How did they fight compared to a large mouth of the same size?


----------



## walley1 (Feb 18, 2005)

they fight about 2-3 times harder then a small mouth.a feww them came out of the water,most of them stay deep and fight hard and like to run hard.


----------



## Reel Man (Jul 4, 2004)

Ok Joe I'm sold. Private message me all the info about your trip where to stay, did you have a guide service, the body of water you fished. I need to make plans to do that! See you when the ice comes off at Mosquito.

Rob


----------



## Bassboy883 (Sep 27, 2005)

Hey rob if marcia wants fish wednesdays on portage and you want to fish mosquito, and you only have one boat, I think you might have a little dilema there.


----------



## Reel Man (Jul 4, 2004)

You're right.

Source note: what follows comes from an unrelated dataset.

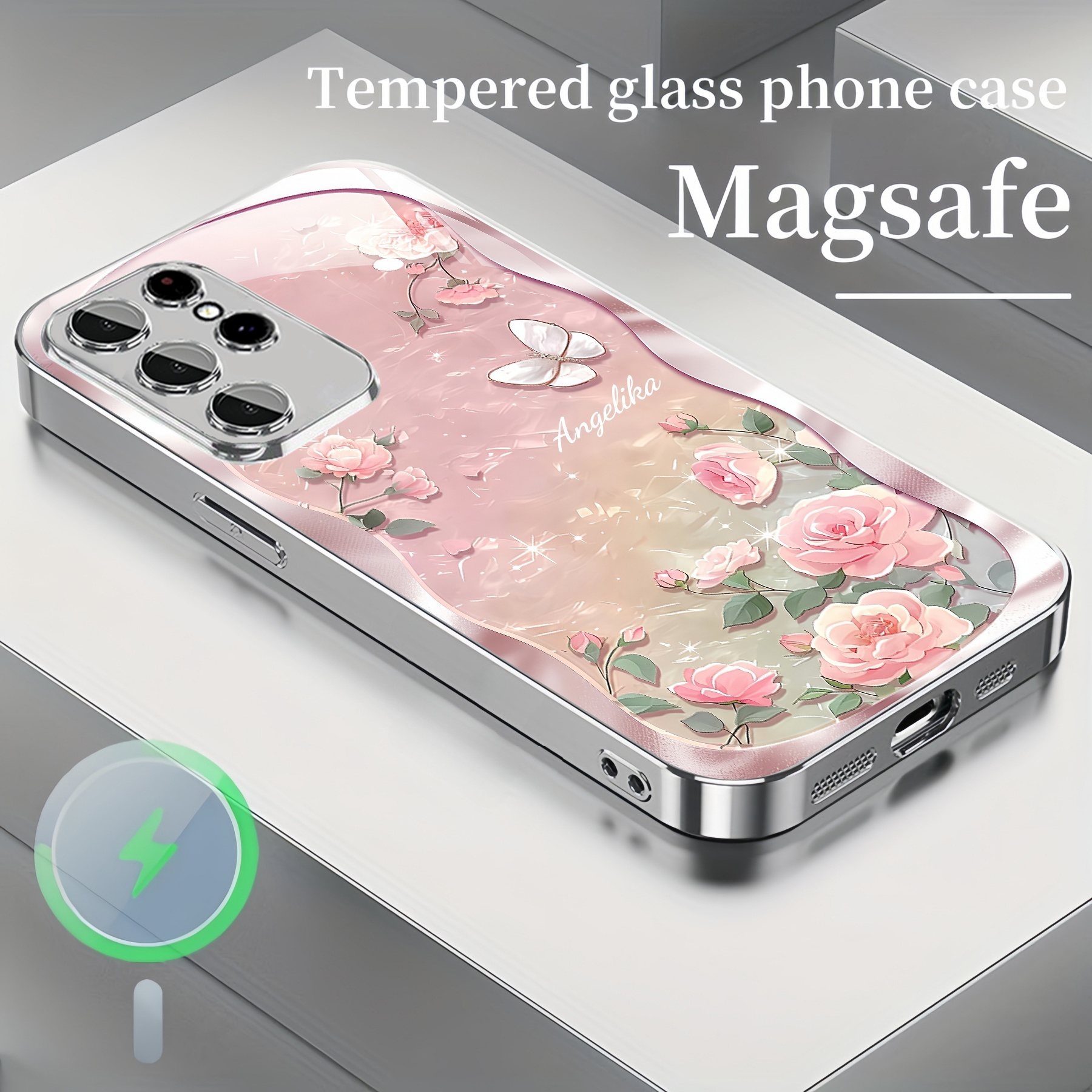 Personalized Rose Butterfly Magsafe Tempered Glass Plating Case

She may have to find someone with a boat at Portage to fish with occasionally


----------



## walley1 (Feb 18, 2005)

hey rob,check out the marina web site,i just put 2 pics of a cpl of the fish we caught


joe


----------



## Reel Man (Jul 4, 2004)

Awesome Joe. You need to get some pics up on here for the members to enjoy.


----------



## Reel Lady (Jul 4, 2004)

ranger487 said:


> Was that your picture I seen In Bassmasters with the smallie?
> Mark


Yup  Can you believe the size of that beautiful smallmouth???!!! I can't wait to get back out on the boat...I'm having serious withdrawls....


----------



## Reel Lady (Jul 4, 2004)

Bassboy883 said:


> Hey rob if marcia wants fish wednesdays on portage and you want to fish mosquito, and you only have one boat, I think you might have a little dilema there.


LOL...yup...Looks like Rob better win us another boat!!!!!


----------